The celebrated medical expert Dr. Devi Shetty has been quoted as saying: “Centre is doing what it can. But it’s sad to see people acting irresponsibly. Cooperation is key. Social distancing is the only effective measure available to India to stop the virus from growing but that cannot happen unless people cooperate. We still see people travelling, the traffic rush on the roads is still the same. This must stop.”
History tells us that the merchant ships that brought wealth to the country’s commercial capital also brought death. The rich businessman in his horse-drawn carriage was not spared but the main victims were the poor, many of them migrants drawn by the opportunities offered by the port city. Over half of the population which were migrants lived in slums and chawls and in appallingly congested and unhygienic conditions in the 1890s. As it was then, so it is today. The worry is that with more than half the city living in slums, the death rate could be alarming this time as well.
With the changed Centre-State relations, the Act continues to reinforce the power of the State as in colonial India, instead of emphasising “prevention and response, vaccination, surveillance and organised public health response”.
The Epidemic Diseases Act, 1897 consists of four sections and is considered one of the shortest acts in India. It goes beyond ordinary laws, to give special powers to the government to take stringent measures during epidemics. The first section explains the title and the extent, while the second section, which has section 2A, gives powers to (Central government) take special measures and prescribe regulations to contain ’dangerous epidemic diseases’. The third section describes penalties for violating the rules. The fourth deals with legal protection to persons acting under the Act.
There is a good argument for a new legal framework to outline the plan of action needed during a public health crisis of this kind. The 123-year-old Epidemic Disease Act has a limitation in the changed political, social and economic setup. An article in the Indian Journal of Medical Ethics points out that the Act fails “to be in line with the contemporary scientific understanding of outbreak prevention and response, and only reflects the scientific and legal standards that prevailed at the time when it was framed.” Yet, when the virus is spreading, the temptation to use the force of the Act is high.

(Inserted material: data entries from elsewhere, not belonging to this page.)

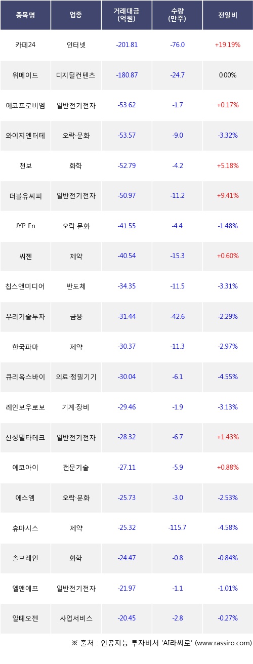 외국인 투자자의 순매도 상위 20개 종목은 카페24, 위메이드, 에코프로비엠, 와이지엔터테인먼트, 천보, 더블유씨피, JYP Ent., 씨젠, 칩스앤미디어, 우리기술투자등이다.
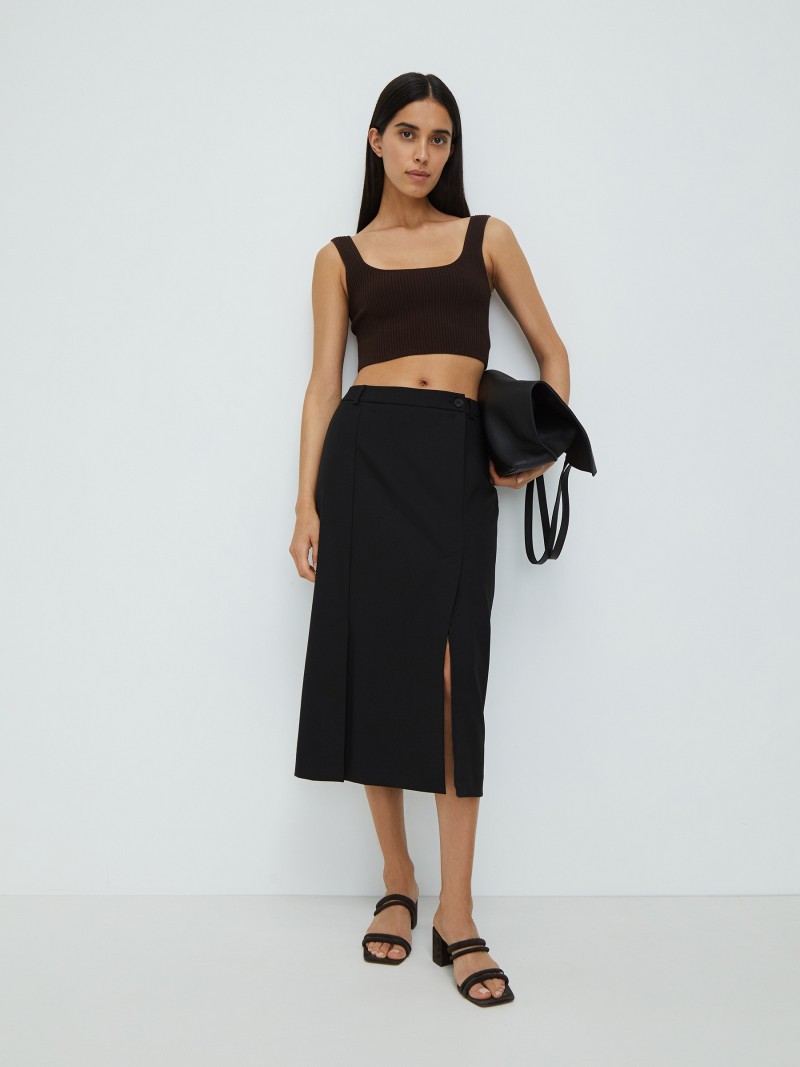 Прямая юбка миди для спокойных и нескучных образов. Высокая посадка подчеркивает талию, а две асимметричные шлицы красиво распахиваются при ходьбе. Юбка выполнена из плотной гладкой ткани, долговечной и приятной к телу. На подкладке. Сделано в Беларуси
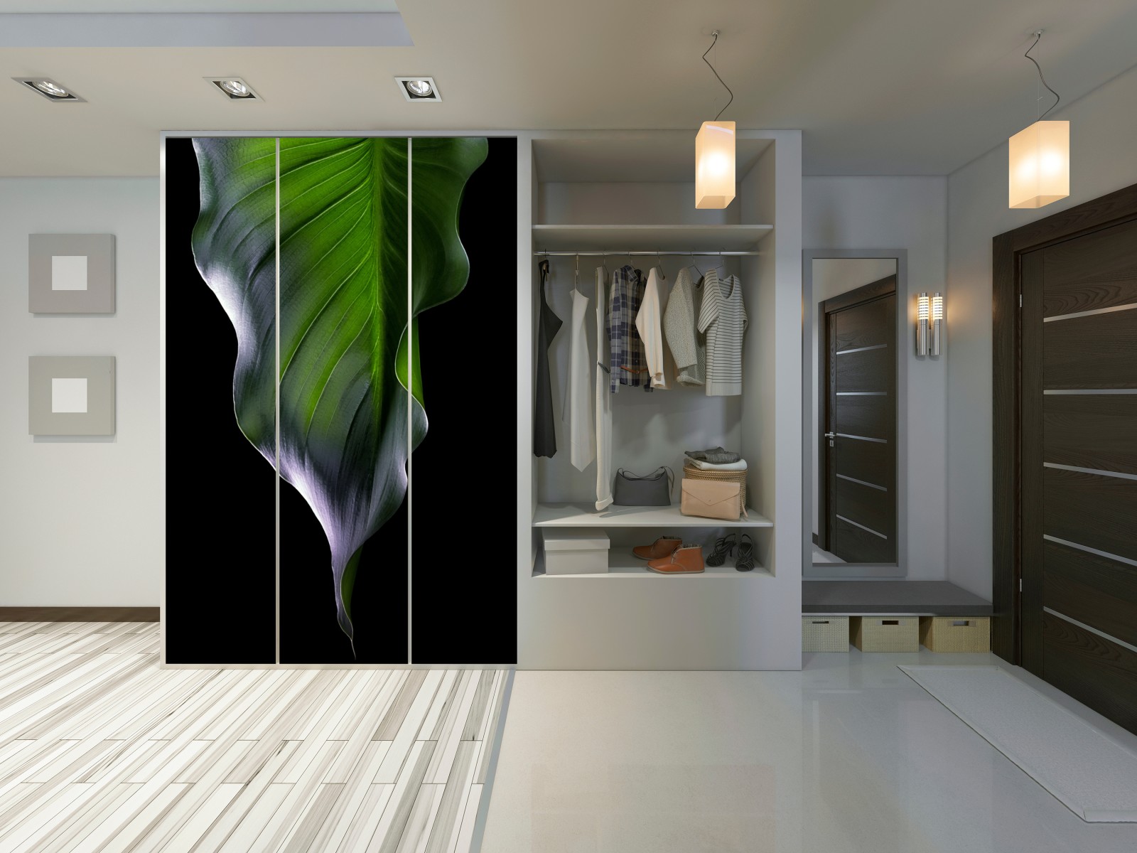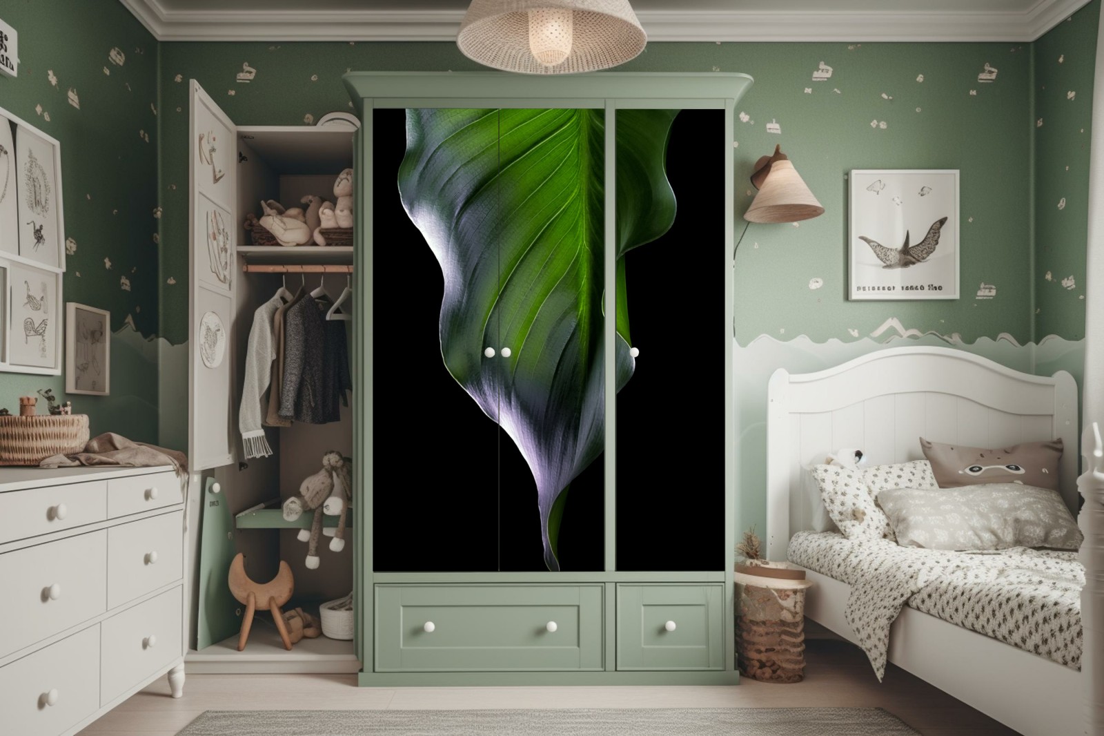 Naklejka na szafę Elegancki zielony liść na czarnym tle

With the changed Centre-State relations, the Act continues to reinforce the power of the State as in colonial India, instead of emphasising “prevention and response, vaccination, surveillance and organised public health response”. This was reflected in the case where the wife and father-in-law of a Bengaluru-based employee of Google India were booked under the Epidemic Disease Act 1897 for allegedly lying to the health officials about the infection.